During the 2014 Gaza War, Hamas executed more than 20 Palestinians in the Gaza Strip.

According to an Amnesty International report, 23 Palestinians were executed by Al-Qassam in the course of the 2014 conflict, and 16 of those people had been in prison since before the war began. Some were on trial for espionage, but those trials were suddenly cut short. From among the executed, 6 were killed by a firing squad outside a mosque in front of hundreds of spectators, including children. Amnesty claimed that Hamas used the cover of the war, which had a very heavy death toll, to carry out summary executions, to settle scores against opponents under the pretext they were collaborators with Israel. They were also accused of torture.

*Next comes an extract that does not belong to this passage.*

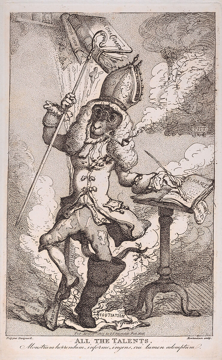Created as a frontispiece to a satirical poem, Rowlandson's etching is based on a drawing by Barrett, the author. The satire responds to the recent fall of a British parliamentary coalition known as the "Broad Bottom Administration," or "All the Talents." Its diverse membership is symbolized by a creature with the head and tail of a monkey, but human body, wearing a judge's wig beneath the mitre of an episcopal bishop and holding a Catholic crosier. Its suit mixes a lawyer's bands with a laced coat, ragged breeches, single shoe, and a French jackboot. The burning papers below refer to the Administration's negotiations with France, and its lost sinecures and patronages. A musket labeled "Army," fired with its right foot, causes volumes labeled "Magna Charta" and "Coronation Oath" to fall from a shelf. With a quill, the animal points to new financial projects, the slip of paper "Country dances" below alluding to the Chancellor of the Exchequer, Lord Henry Petty's love of dancing. Finally, smoke, from the pipe obscures a portrait of William Pitt, whose principles the coalition supposedly honored.

Most of these executions of alleged collaborators occurred in response to the IDF assassinating Muhammad Abu Shamala and Raed Attar, and the unsuccessful attempt to assassinate Mohammed Deif, which instead killed his 27-year-old wife, Widad, and his 7-month-old son Ali Deif. The following day, 18 of the suspected collaborators were executed by firing squad. The day after that, the body of Deif's 3-year-old daughter, Sarah, was recovered from the rubble of the same home.

=== 2015 and January 2016 sentencing ===

The Palestinian Center for Human Rights reported in December 2015 that Hamas issued nine death sentences in 2015. Hamas had sentenced four Gazans to death during the first weeks of 2016, all on suspicion of spying.

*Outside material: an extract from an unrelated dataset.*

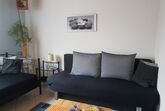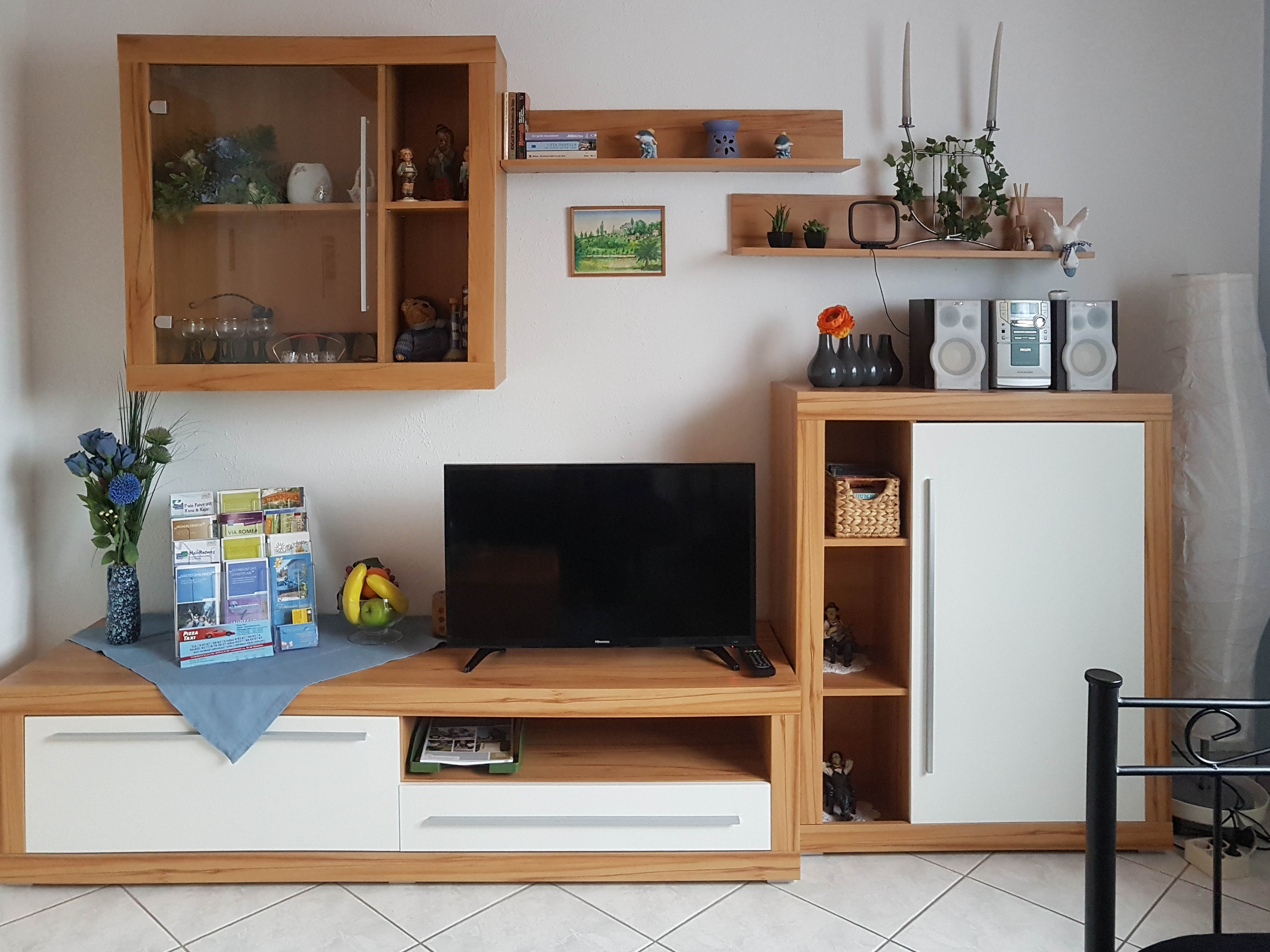 Das gemütliche Wohnzimmer lädt zum verweilen ein. Hier befindet sich ein Sofa und ein bequemes Einzelbett (90x200cm), ein Couchtisch, eine Schrankwand mit TV und Stereoanlage. Hier können Sie Ihren Urlaubstag gemütlich ausklingen lassen. Für die Freizeitplanung liegen Prospekte mit Ausflugsmöglichkeiten bereit.Gerne beraten wir Sie hierzu und geben Ihnen Tips. Ebenso ein paar Bücher und diverse Spiele.

=== Mahmoud Eshtewi (February 2016) ===

In February 2016, Al Qassam claimed they had executed Mahmoud Rushdi Eshtewi (محمود رشدي اشتيوي), (Note: Sometimes spelled "Mahmoud Ishtiwi".) one of the group's leading commanders, for very ambiguous reasons. Eshtewi was survived by his two widows and his three children. Most reliable sources at the time described the charges as unnamed or undefined. The stated reason was "for behavioral and moral violations to which he confessed" (تجاوزاته السلوكية والأخلاقية التي أقر بها). Whatever it may refer to, the confession was probably obtained by torture. Before his death, his family had been told that the death penalty charge - treason (giving information to Israel that causes the deaths of Palestinians) - had been dropped. There is some suspicion that Eshtewi died in custody and was shot after death, from reports of people who saw his body before burial and thought the bullet wounds looked suspicious. The New York Times and other media from the USA interpreted the vague charges as a reference to a "homosexual relationship".

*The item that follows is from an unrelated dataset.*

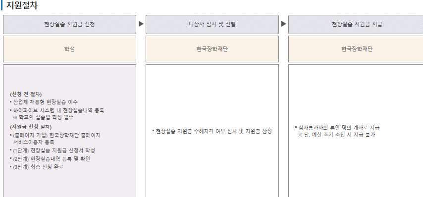 | ■ 현장실습 지원금 ■ 현장실습 지원금 신청 기간, 신청방법 ■ 현장실습 지원금 지급대상 |
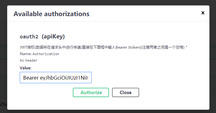Description = "JWT授权(数据将在请求头中进行传递)直接在下面框中输入Bearer {token}(注意两者之间是一个空格) \"",

=== May 2016 executions ===

In May 2016, Hamas reportedly executed three men by firing squad and hanging. The execution was performed in the al-Katiba prison. The executed men were convicted for murder. Reportedly, the execution defied protests from the United Nations and "will likely" deepen tensions with the Palestinian government in the West Bank. Hamas defied an agreement with Fatah, the ruling party in the West Bank, by carrying out the executions without the approval of Palestinian President Mahmoud Abbas. Hamas later announced that 13 additional prisoners are to be executed.

=== April 2017 executions ===

In April 2017, it was reported that three Palestinians were executed by Hamas in Gaza Strip over alleged collaboration with Israel. Reportedly, the men were hanged at a Hamas police compound, as dozens of Hamas leaders and officials watched the killing.

=== January–August 2022 sentencing ===

According to B'Tselem, Hamas courts handed down 13 death sentences in January-August 2022, but had not carried out any since 2017.

=== September 2022 executions ===

On 4 September 2022, Hamas announced they had executed five men, including two men condemned over collaboration with the occupation (Israel), and three others in criminal cases. A resident of Khan Younis born 1968 was convicted of supplying Israel in 1991 with “information on men of the resistance, their residence… and the location of rocket launchpads”; a second man, born 1978, was for supplying Israel in 2001 with intelligence “that led to the targeting and martyrdom of citizens” by Israeli forces, according to Hamas. The other three men had been convicted for murder.

=== 2025 executions ===

After the Gaza peace plan was implemented in October 2025, Hamas carried out executions of what they alleged were collaborators and criminals across the Gaza Strip, citing crime and security concerns. The first occurred on September 22, when three people accused of collaborating with Israel were shot. Reports indicate that 33 men were killed in total. Humanitarian organizations, including the Al-Mezan Center for Human Rights, condemned the killings as extrajudicial executions and called for accountability.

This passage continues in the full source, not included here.